Wednesday 12 December 2012

Better off on benefits

I am not shocked by this headline:


When George Osborne delivered the Autumn Statement last week, announcing that benefits will be raised only by 1% for the next three years instead of in line with inflation, there were understandably mumbles (and stammers*) from the Opposition.

The truth is for a few years now benefits claimants have seen increases in their benefits that are not in line with inflation faced by those in work.

The rate of inflation is calculated on the rate of inflation of a particular month in the preceding year, usually September. So while the rate of inflation (CPI) for September* in a previous year has been 5.2%, meaning that benefits claimants saw a 5.2% rise in their benefits, the rate of inflation for the WHOLE YEAR has been much lower, and those who are in work saw their wages adjusted to a rate much lower than 5.2%.

* 19/12/12: Link and these words added.

Last September the CPI (Consumer Prices Index) was 2.2%, but the average pay rise will be 1.5%. So if benefits were raised in line with CPI, those on benefits would be doing far better than those in work.

I see clients who tell me that they 'cannot afford to go out to work' because they would be earning less than if they were on benefits.

These are usually single mothers with one or more children under 16. They get Child Tax Credits on the basis of being single parents.

In other words they are incentivized to become single parents.

Where is the logic in this?

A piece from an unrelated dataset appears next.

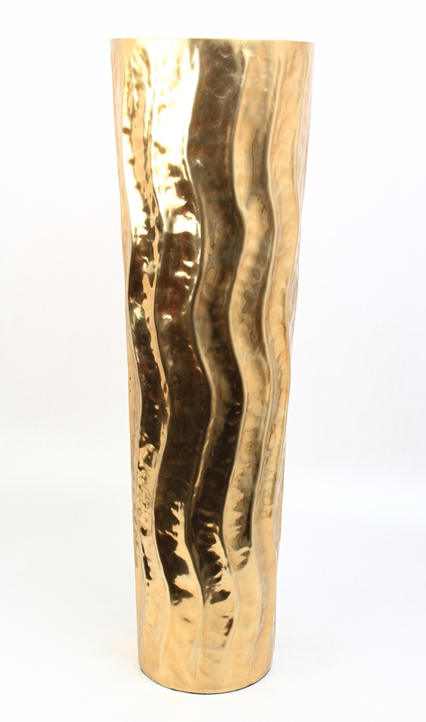 Wazon wykonany jest z solidnego aluminium, znanego ze swojej trwałości oraz odporności na uszkodzenia. Materiał pozwolił na precyzyjne odwzorowanie falistego wzoru, dzięki czemu całość prezentuje się niezwykle starannie i estetycznie. Ten dekoracyjny wazon świetnie sprawdzi się w eleganckich, nowoczesnych wnętrzach, szczególnie w aranżacjach inspirowanych stylem glamour i modern chic. Dzięki swojej wysokości i wyrazistej formie może pełnić rolę samodzielnej dekoracji w salonie, holu czy przy wejściu do domu. Doskonale prezentuje się także jako element kompozycji z wysokimi, ozdobnymi trawami lub minimalistycznymi gałązkami. Wazon dodaje przestrzeni luksusu, blasku i nowoczesnego charakteru. Wymiary wazonu (Sz. x Gł. x W.):

None whatsoever.

When Gordon Brown introduced these tax credits, many, many people were happy to vote for his party to remain in office.

There are also Working Tax Credits. So if you work minimum hours (used to be 16, now 30 if in a couple) the taxpayer tops up your pay.

Result: people work minimum hours in order to benefit. Why work 40 hours when you could get nearly the same by working just 16 hours?

On the other hand people who work 40 hours on minimum wage only get £12,875.20 BEFORE TAX. The unemployed woman in the linked story above gets an untaxed £15,480 (according to the report).

Holidays

When was the last time you enjoyed a six-month holiday?

One of our clients took his parents (all three receive all sorts of benefits) on a six-month holiday back to India. He even came back with a wife. If he could afford to go on such a long holiday, surely we are paying too much in benefits.

I also have clients who come to complain their electricity and gas bills are too high. "It cannot be right. I was not living there. I was on holiday in Sweden for a month."

I suspect clients like this are also claiming benefits in Sweden because governments do not share data, cannot share data, lots of claimants, it is rumoured, have wives in different countries, where they claim all sorts of benefits as single parents while the fathers flit in and out of these various countries, having more and more children and getting richer on benefits.

Can this be right?

31/12/2012: Do read IDS's article and reports. A writer commented:

I could have told IDS this many years ago. I remember a couple with three children taking on a £1200 a month mortgage. They weren't particularly hard working or in lofty positions or one's to skimp on things. When I asked them if they worried about meeting the payments they told me their tax credits more than paid for it.

So like many other millions they were being awarded living standards which they in no way deserved by the welfare system.

At the same time people were turning down overtime and promotion because the tax credit system made them worse off for doing so. It really is an unfair and extremely wasteful system which distorts the proper functioning of the labour market.

Which begs the question of why IDS is only raising this issue now and why they  haven't abolished them completely. We managed and fared much better without them.